TVA Nouvelles
- Type: Department of TVA
- Industry: Media
- Founded: 1972
- Headquarters: Montreal, Quebec, Canada
- Key people: Martin Picard, Chief Content Officer
- Owner: TVA
- Website: www.tvanouvelles.ca

= TVA Nouvelles =

Canadian network news division

TVA Nouvelles is the news division of TVA, a French language television network in Canada.

Programs produced by the division include nightly local and national newscasts branded as TVA Nouvelles, as well as the news magazine program JE. The division also owns and operates the 24-hour news channel Le Canal Nouvelles.

In September 2020, the Group announced that Serge Fortin, who was managing the activities of TVA Nouvelles and LCN since 2004, would be replaced by Martin Picard, vice president and chief content officer.

==Mornings==
In the mornings, TVA Nouvelles airs as headline news segments during the network's morning show Salut, Bonjour!. This program is hosted by Ève-Marie Lortie weekdays from Montreal, and Richard Turcotte on weekends from Quebec City.

Lortie was previously the weekend host of Salut, bonjour!, until moving to weekdays in 2024 following the retirement of longtime weekday host Gino Chouinard.

==Noon==
At noon, TVA Nouvelles airs for one hour weekdays and half an hour on weekends. Two weekday editions are produced, with Julie Marcoux anchoring from Montreal for stations in western Quebec markets (Gatineau/Ottawa, Sherbrooke, Trois-Rivières and Rouyn-Noranda), and Julie Couture anchoring from Quebec City for stations in eastern Quebec (Rimouski, Rivière-du-Loup/Carleton-sur-Mer and Saguenay). Both programs also have segments set aside for local inserts presented by local anchors.

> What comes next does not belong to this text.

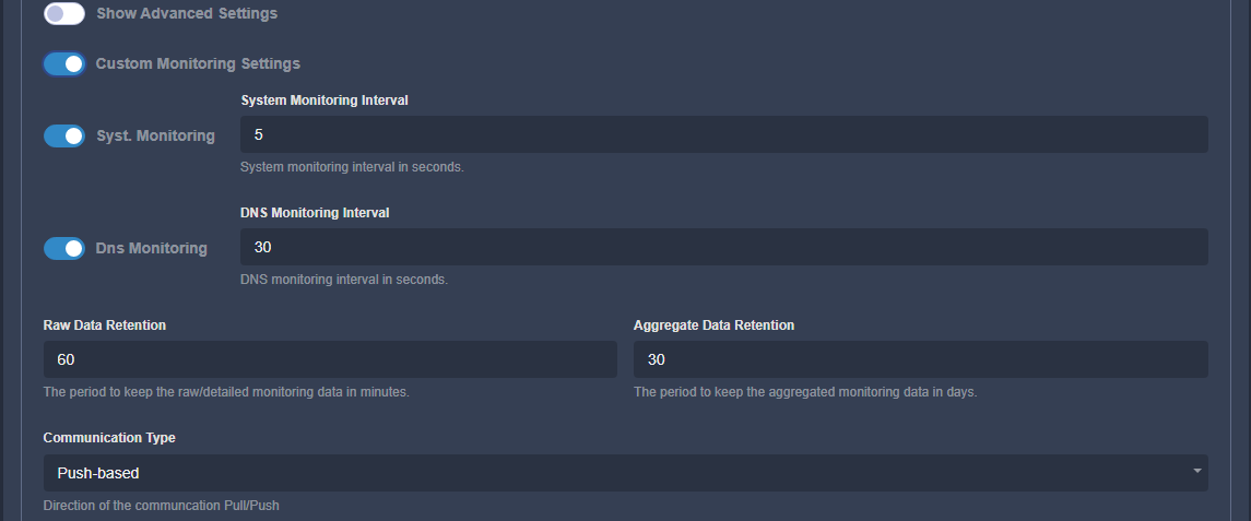 This will be toggled if the user has set custom settings earlier or during the setup. The fields are the same as in theMonitoring Settingsstep during setup and are described there.

Marcoux is slated to move to the afternoon (17h et 18h) newscast in June, and will be succeeded as anchor of the noon edition by Philippe-Vincent Foisy.

As most viewers in Canada outside of Quebec receive TVA stations from Montreal or Gatineau/Ottawa, the edition anchored by Marcoux is seen in most of Canada, although parts of New Brunswick receive the Couture edition.

==Afternoon==
At 5 p.m. weekdays, TVA Nouvelles airs for 1.5 hours. This airing consists of a one-hour program anchored by Sophie Thibault, followed by half-hour local programs anchored by a local journalist at each TVA station. Thibault announced her retirement from the network in February 2025, with Julie Marcoux scheduled to succeed her in June.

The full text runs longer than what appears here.